Маленькие ромбовидные окна, хоть и было их два, почти не пропускали свет в этот хмурый день с грозящими дождем небесами. Вернулся мистер Фордайс и поначалу изливал душу в молитве у одра Катрин, но потом смолк, как и остальные в комнате. Стояла такая тишина, что даже слова молитвы могли показаться кощунством… Краски покинули лицо девушки, восковые щеки и побелевшие губы указывали на смертельную слабость. Ее недвижная рука бессильно лежала в ладони Дэвида, подобно увядающему цветку. Глаза были прикрыты, а чуть заметное дыхание едва колыхало грудь под одеялом.

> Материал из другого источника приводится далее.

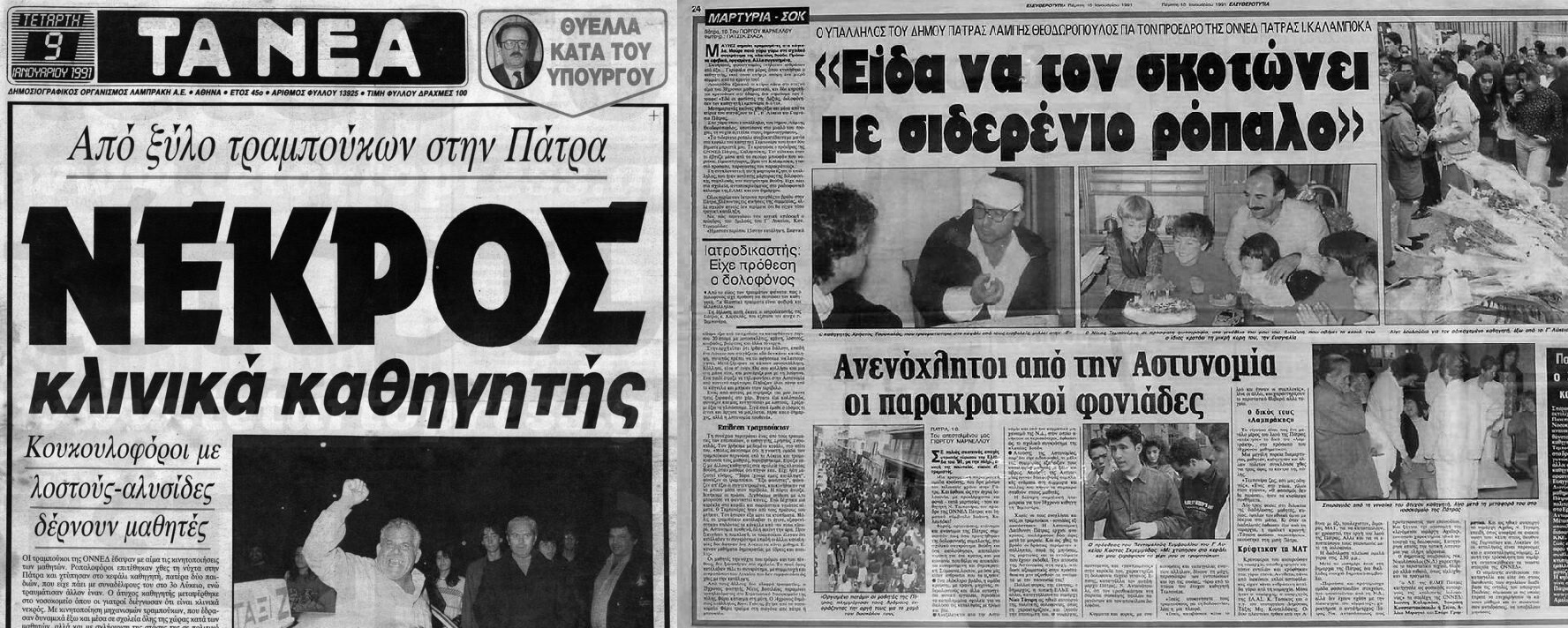 8 Ιανουαρίου 1991: Δολοφονείται ο καθηγητής Νίκος Τεμπονέρας Ιστορία By hellas2day On Ιαν 8, 2025 Σαν σήμερα το 1991 δολοφονείται ο καθηγητής μαθηματικών Νίκος Τεμπονέρας, υπερασπιζόμενος τους μαθητές του κατά τη διάρκεια μαθητικών κινητοποιήσεων στην Πάτρα… περισσότερες πληροφορίες εδώ - Διαφήμιση -- Διαφήμιση -300Χ300″ />- Διαφήμιση - 8 ΙΑΝΟΥΑΡΙΟΥ 1991ΔΟΛΟΦΟΝΙΑΝΙΚΟΣ ΤΕΜΠΟΝΕΡΑΣΣΑΝ ΣΗΜΕΡΑ Share

В этот печальный час в душу Дэвида пришло успокоение. Наконец он по-настоящему смирился, в нем угасли все проблески и волнения человеческих желаний. Он ощутил радость, на которую не смел надеяться, его посетило чувство обладания неповторимым чудом. Теперь Катрин навеки принадлежала ему… В последнюю минуту глаза девушки открылись, и если на других она смотрела немного рассеянно, то на него — со всей страстью любви. На ее губах промелькнула тень улыбки. Но лишь только в комнату пробрались сумерки, ее душа покинула тело, как и предсказывал Марк.
Громкий плач двух женщин нарушил тишину, даже железная госпожа Гризельда потеряла привычное самообладание. Мистер Фордайс поднял руку, призывая к молчанию.
— Агнец отныне в объятиях Пастыря, — произнес он.
Госпожа Гризельда должна была, как и полагается хозяйке, заговорить:
— Была она доброю душою, и мысли ее были добрыми, но ежели не направили ее на путь истинный, то не ее вина… а уж с каким благоговением внимала она мистеру Джеймсу… — Она замолкла, увидев глаза Дэвида.
— Она теперь по правую руку у престола Господнего, — сказал он, — и я брошу это в лицо каждому священнику, исказившему Писание. Она создана по образу и подобию Божьему, и она ушла к Нему.
* * *
Тем же вечером практичная госпожа Гризельда заговорила о скорбных приготовлениях к похоронам:
— Упокоим ее в Колдшо, на семейном гробовище Хокшоу. В древнем склепе еще имеется местечко, к тому ж Николас сложить свои кости дома не торопится.
— Ну нет, в Колдшо она лежать не станет. — Лицо Дэвида было необыкновенно спокойно, а голос ровен и бесцветен. — Она будет покоиться в чаще, которую считала своим владением, на поляне, что сама назвала Раем. Я знаю, чего она желала, даже если и не говорила мне. Я не допущу ее погребения в кладбищенском склепе… Она слишком юна… Она не умерла, просто уснула.
Госпожа Гризельда принялась возражать, но не очень упорно. Мистер Фордайс тоже почти не настаивал.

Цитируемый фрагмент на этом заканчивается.